Sunday greeted us with the best sea state we’d seen in weeks. A beautifully flat and calm sea state two meant our job of spotting cetaceans became much easier. Lots of common dolphins came bounding through the idyllic views and bottlenose dolphins were also seen giving a show to some tourists in a rib off the French islands, much as they were last week. It did make me wonder whether they were in fact the same pod, resident to the area.


A bottlenose dolphin off the Brittany coastline.

On Monday morning I woke up feeling a little gloomy that my adventure with ORCA was coming to an end, I think the dolphins sensed this as from the moment we stepped outside we were greeted by common dolphins and they just kept coming in. For four hours it was pod after pod with the end of the day totalling 13 pods of these beautiful animals. Four sunfish also made an appearance, waving their fins above the waves as they passed the ship. It’s fair to say I went to bed that night much happier than I had woken.


A Sunfish at the waters surface.

As if I had spoken too soon, we left Bilbao on Tuesday morning and headed into another storm within the bay. The decks were closed and after giving my final presentation we were unable to start our deck watch with huge swells, a sea state of 9 and above and spray that would soak anyone brave enough to step outside.


The sun rising over a cloudy sea.

I am so grateful for the experiences I have been able to enjoy whilst on board with both Tiffany and Chantelle. A huge thank you to them both for making it such a fun and memorable time. Thank you to ORCA for giving me this chance and providing me with invaluable cetacean spotting skills and knowledge. Thank you to all of the passengers who have attended our presentations and quizzes, donated to our cause and shown such an enthusiastic interest in the work we do and the animals we protect. A massive thanks to Brittany Ferries and their amazing crew, I’ve never felt so at home and the support I have received is greatly appreciated.

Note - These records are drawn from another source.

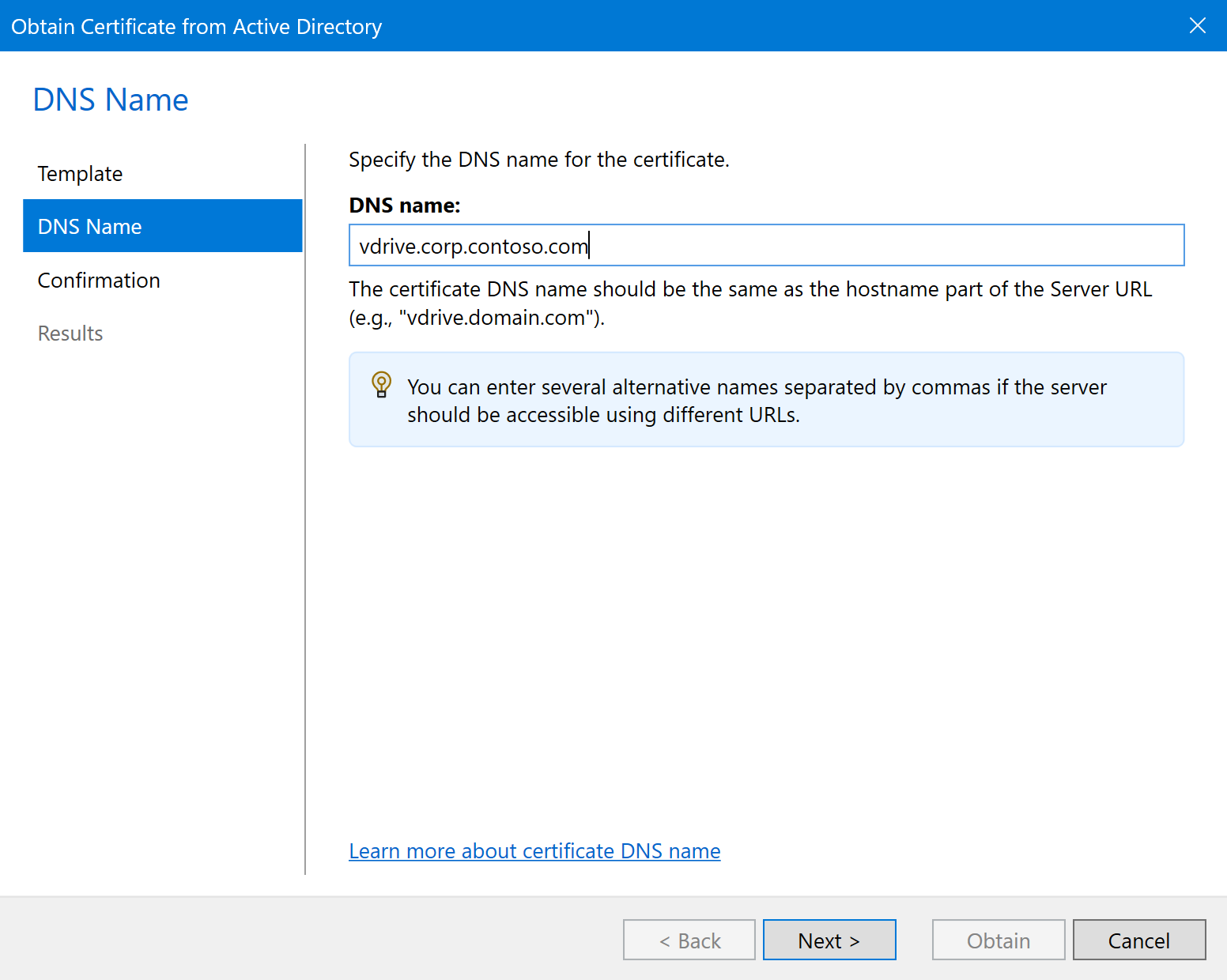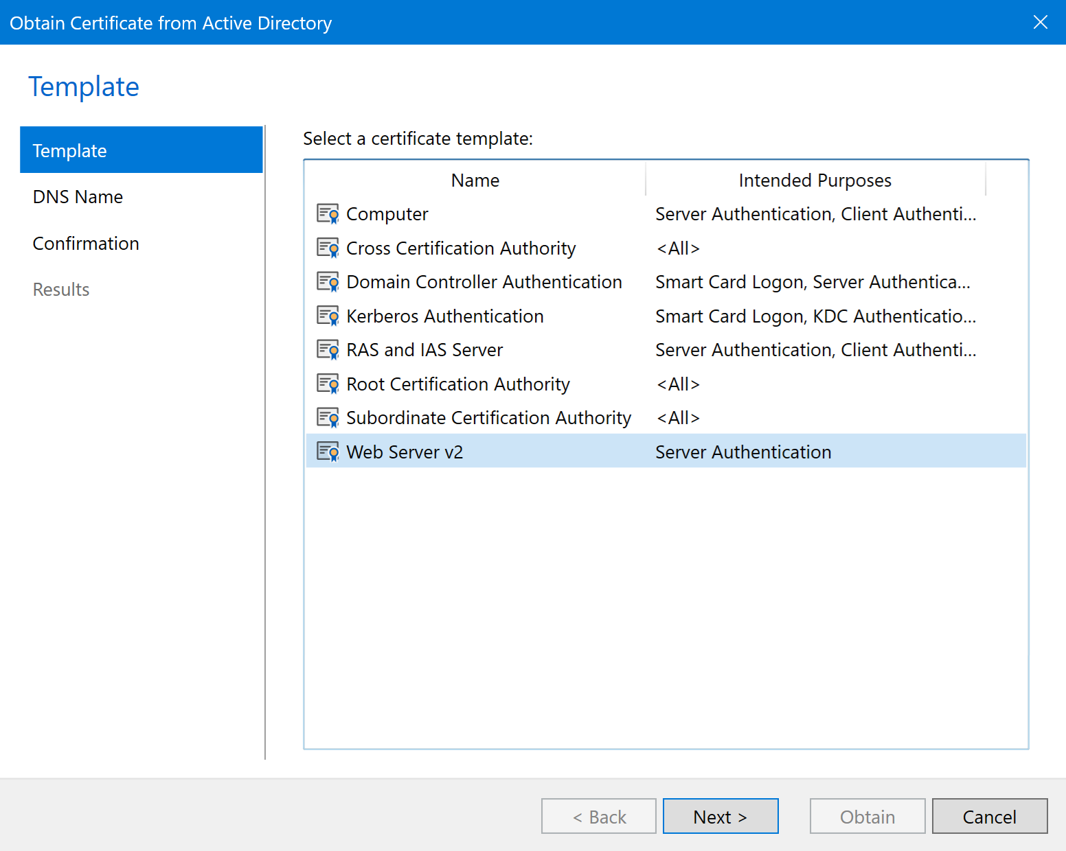 - On the Confirmation page, click Obtain to get the new certificate from AD CS. The certificate will be automatically installed in your local certificate store and selected on the HTTPS Certificate page of the Server URL wizard.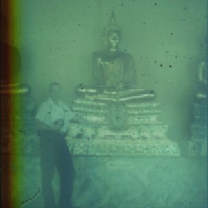 Image / Unidentified man standing next to golden Buddha statue
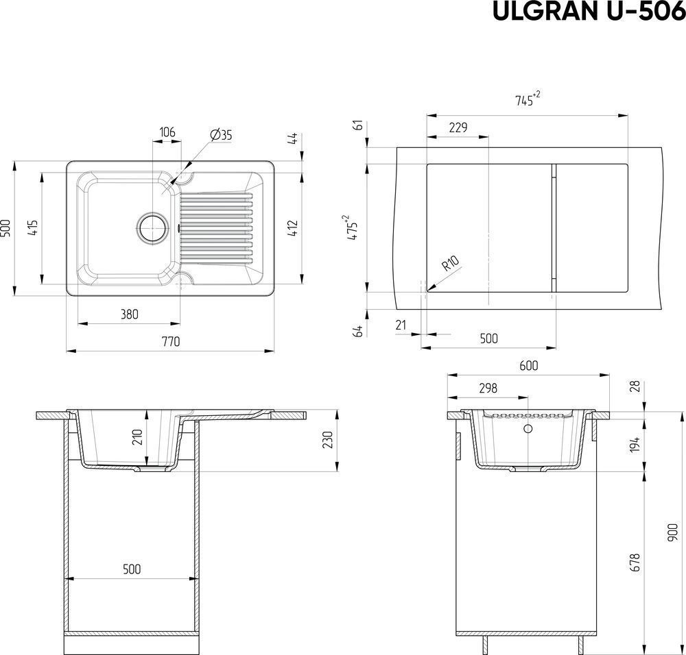 Характеристики мойка для кухни Ulgran (U-506-307)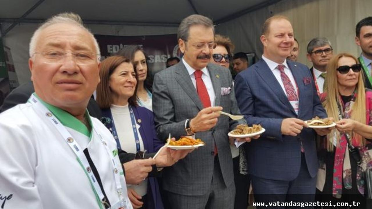 Edirne Ticaret Borsası Yönetim Kurulu Başkanı Özay Öztürk ve Yönetim Kurulu Üyeleri, Türkiye Odalar ve Borsalar Birliği Başkanı Rifat Hisarcıklıoğlu’na, Edirne’nin Meşhur Tava Ciğerini ikram ettiler. AK Parti Edirne Milletvekili Fatma Aksal’ın da katıldığı etkinlikte; Ciğerci Niyazi Usta tarafından yapılan tava ciğerin tadına bakan Hisarcıklıoğlu, tava ciğeri çok beğendiğini dile getirdi.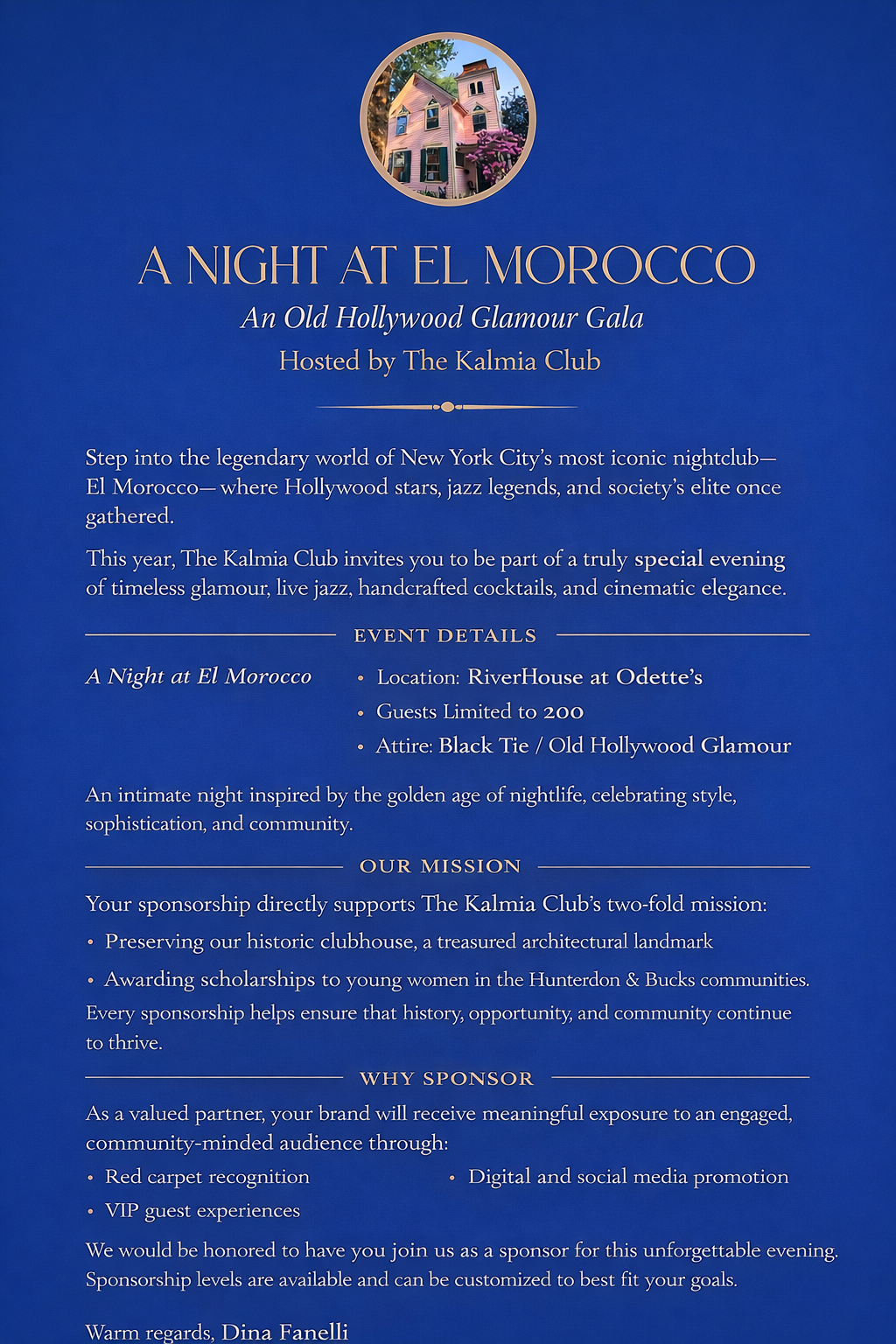 The event will take place at River House at Odette’s and welcome 200 guests for a night of vintage glamour, live jazz, cocktails, dinner, and classic Hollywood style—all in support of our mission which is twofold: awarding scholarships to young women in the Hunterdon/Bucks communities and preserving the integrity of our clubhouse which is a historical landmark.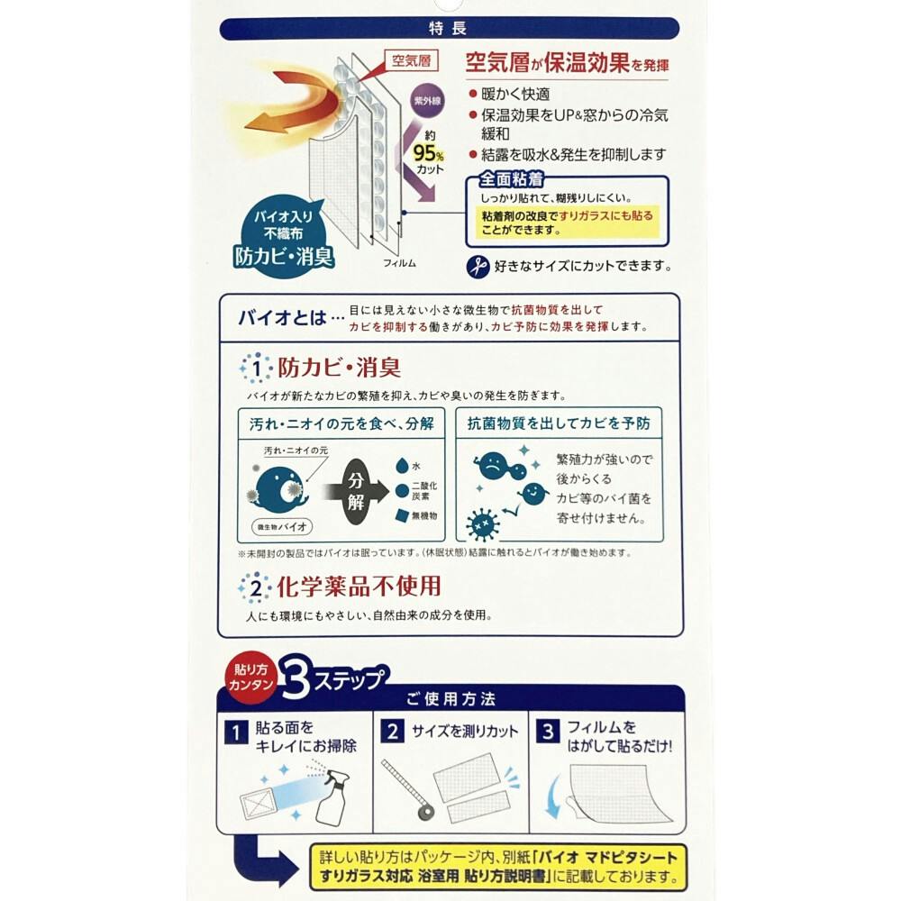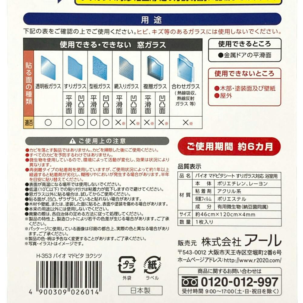 アール まど活 バイオ マドピタシート 水もテープいらない すりガラス対応 浴室用 防カビ+消臭 H-353 幅46cm 長さ120cm 1枚入

So there we have it. Thank you to everyone who has been keeping up with my adventure, I hope it has been an interesting read. I will leave you all in the capable hands of Tiffany and Chantelle for the last week of the season and please keep up to date with all of ORCA’s good work.


A beautiful rainbow over the bay of Biscay.

Last week’s trivia question was:What is the main difference between male and female pilot whales when identifying the species at sea? Please comment below with your answers.

The answer is: Male pilot whales have a very wide and stocky distinctive dorsal fin. Females have a much more dolphin like and curved dorsal fin.

This week’s and the final trivia question of the season is: How many species have we seen from the Cap Finistere this season? Please comment below with your answers.

If you would like to make a donation to help fund the fantastic work that ORCA do, or to become a member and train to become a Marine Mammal Surveyor to help us to collect our vital scientific data, then please visit our website for more information!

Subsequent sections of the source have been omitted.